The Earth has changed in "unprecedented ways" since 1950, the U.N. says, and its scientists are 95 percent certain that humans are responsible.
Yet the planet has largely stopped warming over the past 15 years, data shows -- and a landmark report released Friday by the U.N.'s climate group could not explain why the Mercury has stopped rising.
Global surface temperatures rose rapidly during the 70s, but have been relatively flat over the past decade and a half, rising only 0.05 degrees Celsius (0.09 degrees Fahrenheit) per decade according to data from the U.K.'s weather-watching Met Office, a trend current models of the world's climate have been unable to predict. A draft of the report leaked in early September acknowledged that trend and put it bluntly: We simply can't explain it.
"Models do not generally reproduce the observed reduction in surface warming trend over the last 10–15 years."
But a final draft of the report released Friday morning by the U.N.'s Intergovernmental Panel on Climate Change (IPCC) strips out the failure of models and explains away the downward trend.
"Due to natural variability, trends based on short records are very sensitive to the beginning and end dates and do not in general reflect long-term climate trends," the new report reads.
A section that suggests volcanoes and solar activity may have affected the warming has also been removed in the final version.
Climate skeptics have seized upon the change in world weather patterns, some citing it as evidence that global warming itself has decelerated or even stopped. Benny Peiser, director of the Global Warming Policy Foundation, said the slowdown was a far larger issue than the report shows.
"Unless global temperature will begin to rise again in the next few years, the IPCC is very likely going to suffer an existential blow to its credibility," he said. Judith Curry, professor and chair of the School of Earth and Atmospheric Sciences at the Georgia Institute of Technology, was even blunter.
"IPCC has thrown down the gauntlet – if the pause continues beyond 15 years (well it already has), they are toast."
Many governments had objections over how the issue was treated in earlier drafts and some had called for it to be deleted altogether. In a Friday morning presentation of its findings, Thomas Stocker, co-chair of the group that wrote the report, defended that decision, the Associated Press reported.
'I looked at 73 climate models going back to 1979 and every single one predicted more warming than happened in the real world.'
- John Christy, a professor at the University of Alabama in Huntsville
"An old rule says that climate-relevant trends should not be calculated for periods less than around 30 years," Stocker said.
Many scientists say the slowdown reflects random climate fluctuations and an unusually hot year, 1998, picked as a starting point for charting temperatures. Another leading hypothesis is that heat is settling temporarily in the oceans, but that wasn't included in the summary.
Stocker said there wasn't enough literature on "this emerging question."

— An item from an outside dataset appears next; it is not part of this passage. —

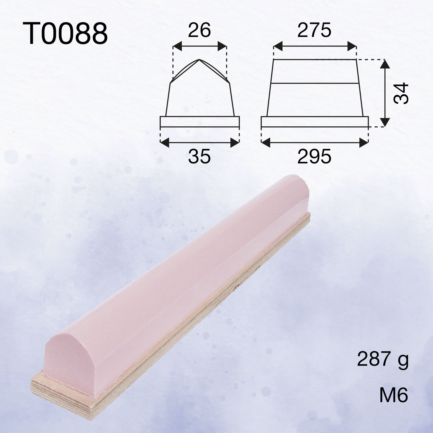Standard roof-shaped printing pads are ideal for printing flat surfaces with scales or long lines of text. It is possible to produce pads in this shape in longer lengths. Due to the apex in the centre of the pad, it is important wherever possible to pick up the image on either side of the centre line to achieve the best print quality. Rectangular printing pads in this category are also available asymmetrically or with only one half of the roof profile.

The IPCC said the evidence of climate change has grown thanks to more and better observations, a clearer understanding of the climate system and improved models to analyze the impact of rising temperatures.
"Our assessment of the science finds that the atmosphere and ocean have warmed, the amount of snow and ice has diminished, the global mean sea level has risen and the concentrations of greenhouse gases have increased," said Qin Dahe, co-chair of the working group that wrote the report.
Yet recent reports have stressed that climate models have failed to accurately predict global temperatures. A study in the journal Nature Climate Change compared 117 climate predictions made in the 1990's to the actual amount of warming. Out of 117 predictions, the study's author told FoxNews.com, 3 were roughly accurate and 114 overestimated the amount of warming.
On average, the predictions forecasted two times more global warming than actually occurred.
"It's a real problem ... it shows that there really is something that needs to be fixed in the climate models," climate scientist John Christy, a professor at the University of Alabama in Huntsville, told FoxNews.com at the time.